Defendants based their request to dismiss Puppala's § 1985 claims on the absence of an underlying constitutional violation. Because the complaint does not indicate which subsection of §1985 defendants violated, the court will analyze the sufficiency of the complaint under all three. Low v. Letsinger, 772 F.2d 308, 311 n.2 (7th Cir. 1985). Only § 1985(3) requires an allegation of an underlying constitutional violation. See Indianapolis Minority Contractors Ass'n, Inc. v. Wiley, 187 F.3d 743, 754 (7th Cir. 1999); Stern v. U.S. Gypsum, Inc., 547 F.2d 1329, 1331 n.2, 1341 n.16 (7th Cir. 1977) (construing § 1985(1) and (2) as defining independent constitutional violations for which § 1985(3) provides a remedial cause of action). Lacking a viable constitutional claim, Puppala's possible § 1985(3) claim must be dismissed.

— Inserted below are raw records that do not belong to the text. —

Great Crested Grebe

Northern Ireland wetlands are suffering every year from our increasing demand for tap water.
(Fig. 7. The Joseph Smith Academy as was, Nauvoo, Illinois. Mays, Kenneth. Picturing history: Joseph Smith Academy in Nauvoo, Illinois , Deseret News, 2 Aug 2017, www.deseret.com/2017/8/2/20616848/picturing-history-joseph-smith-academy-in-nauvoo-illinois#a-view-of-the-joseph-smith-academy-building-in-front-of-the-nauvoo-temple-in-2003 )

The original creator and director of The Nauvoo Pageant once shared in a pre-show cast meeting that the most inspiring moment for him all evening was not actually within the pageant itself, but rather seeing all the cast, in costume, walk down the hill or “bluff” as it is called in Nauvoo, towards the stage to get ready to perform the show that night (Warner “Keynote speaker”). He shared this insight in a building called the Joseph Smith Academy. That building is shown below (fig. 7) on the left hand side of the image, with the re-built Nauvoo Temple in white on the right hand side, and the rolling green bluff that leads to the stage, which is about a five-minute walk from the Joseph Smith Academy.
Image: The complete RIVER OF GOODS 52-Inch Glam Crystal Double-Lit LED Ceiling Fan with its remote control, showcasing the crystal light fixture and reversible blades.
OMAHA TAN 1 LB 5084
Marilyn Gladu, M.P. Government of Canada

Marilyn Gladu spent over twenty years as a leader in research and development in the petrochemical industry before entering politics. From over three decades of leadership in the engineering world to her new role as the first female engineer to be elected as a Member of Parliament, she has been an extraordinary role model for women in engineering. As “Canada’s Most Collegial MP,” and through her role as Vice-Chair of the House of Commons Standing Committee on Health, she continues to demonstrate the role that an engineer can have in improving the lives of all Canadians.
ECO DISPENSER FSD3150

Puppala has failed to make any other argument in opposition to dismissal of his other potential § 1985 claims, but, briefly addressed, none is apparent. Subsections (1) and (2) address different kinds of conspiracies. Section 1985(1) "applies only to conspiracies aimed at hindering a federal official's discharge of his or her official duties." Roth v. Yingling, No. 10-C-64, 2010 WL 2732304, at *6 (N.D. Ill. July 8, 2010) (citing Friedman v. Vill. of Skokie, 763 F.2d 236, 238 (7th Cir. 1985)). Section 1985(2) has two clauses, the first of which "applies only to intimidation of witnesses in federal court." See Wright, 40 F.3d at 1507. The second clause proscribes conspiracies to interfere with witnesses in state court, but only where the conspiracy has a "class-based animus." Id.

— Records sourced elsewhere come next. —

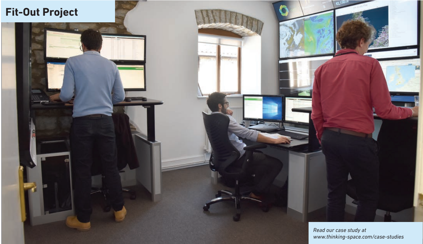
Read our case study at www.thinking-space.com/case-studies
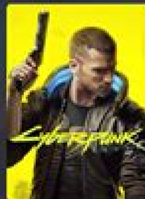
Cyberpunk 2077 4 install
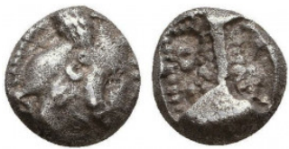
59 Greek Obol, Ca. 350-300 BC. AR. Reference: Condition: Very Fine Weight: 0.8 gr Diameter: 7 mm 1
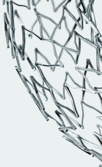
TENTOS 4F Application device

The new outer catheter material has significantly higher tensile strength and stability than previously used catheter materials for controlled and easy handling.
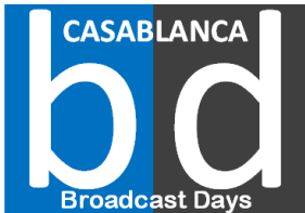
Casablanca Broadcast Days 2025
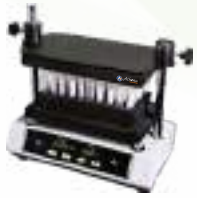
Multi Tube Vortexer
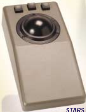
STARS ATC Trackball
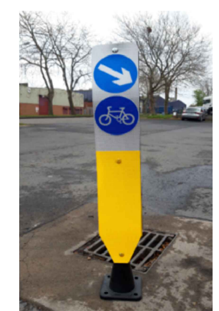
PROPOSED REGULATORY BOLLARD
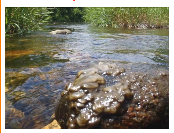
Cymbella Janischii is beginning to bloom.

The West Branch Farmington River has 3 species of "Rock Snot". Two species of "Didymo" are essentially restricted to the section of river from Hogback Dam to the confluence with the Still River in Riverton. Didymo must have very cold water AND little to no phosphorous in the water.
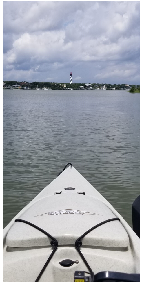
St. Augustine lighthouse from Salt Run, Anastasia Island, FL

When I'm old & gray I want more memories than wishes.
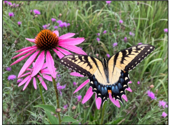
A Tiger Swallowtail butterfly visiting a prairie flower to drink nectar.

Butterflies are insects with colorful wings. You will often see them in a field, flying from flower to flower. Butterflies eat a sugary food made by flowers, called nectar. In return, the butterflies help the plants make seeds by moving pollen. As they travel from flower to flower, pollen is dropped off. This helps plants reproduce and make seeds. This is called pollination, and butterflies are pollinators. We need pollinators to grow many of the fruits and vegetables that we eat!
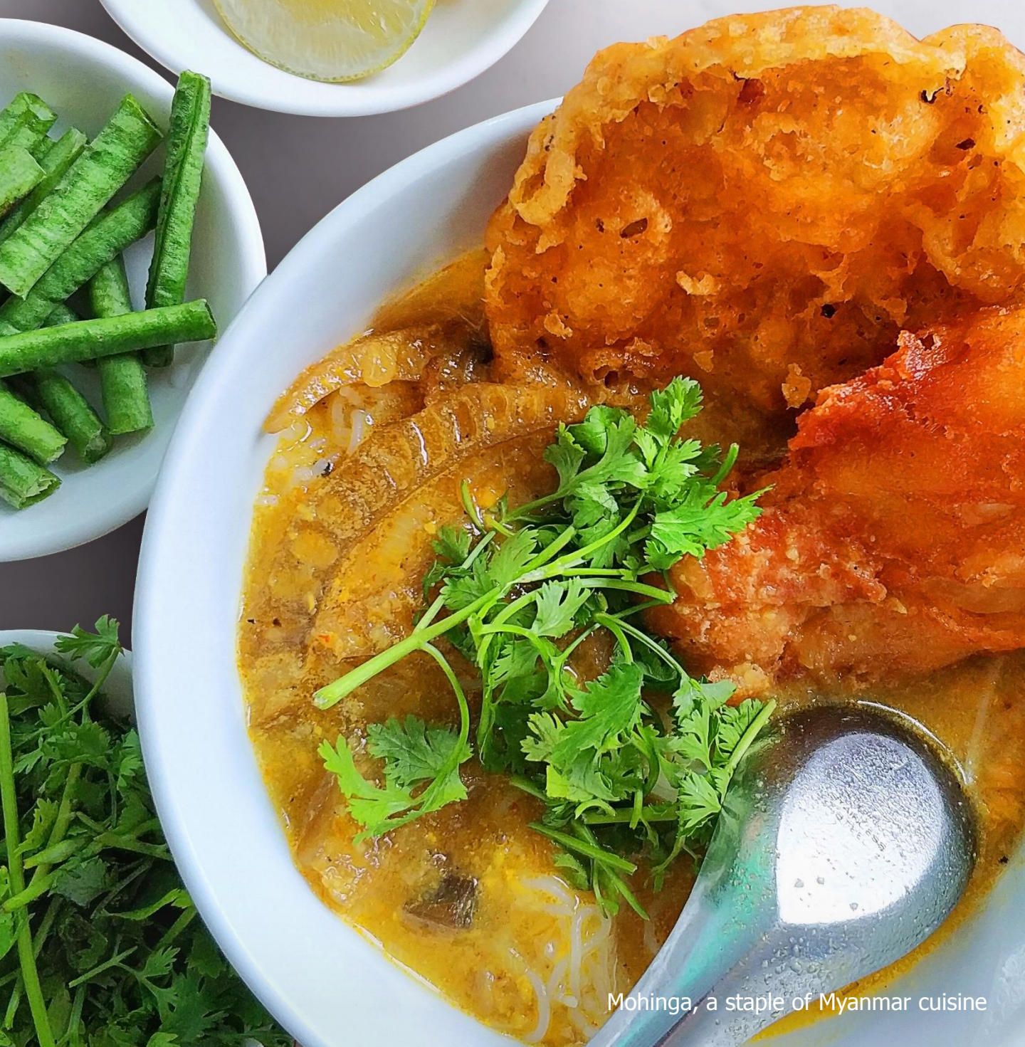
Mohinga, a staple of Myanmar cuisine

Puppala was not a federal official, nor does he allege hindrance of any federal official's duties. Therefore, he cannot state a claim under § 1985(1). Puppala was to be a witness in state court, which falls under the second clause of § 1985(2), but the complaint never mentions a class-based motive. Thus, Puppala's claim also fails under § 1985(2). The conspiracy claim is therefore dismissed without prejudice to refiling should Puppala be able to plead facts supporting a claim under § 1985.

III. State Law Claims

Because all of Puppala's federal claims will be dismissed, the court will decline to exercise pendant jurisdiction over the remaining Illinois state law claim. See 28 U.S.C. § 1367(c)(3).


For the foregoing reasons, defendants' motion to dismiss [#16] is granted. The federal civil rights claims (Counts I, II & III) are dismissed without prejudice to filing an amended complaint on or before October 21, 2010. The motion to dismiss the state retaliatory discharge claim (Count IV) for lack of jurisdiction is granted.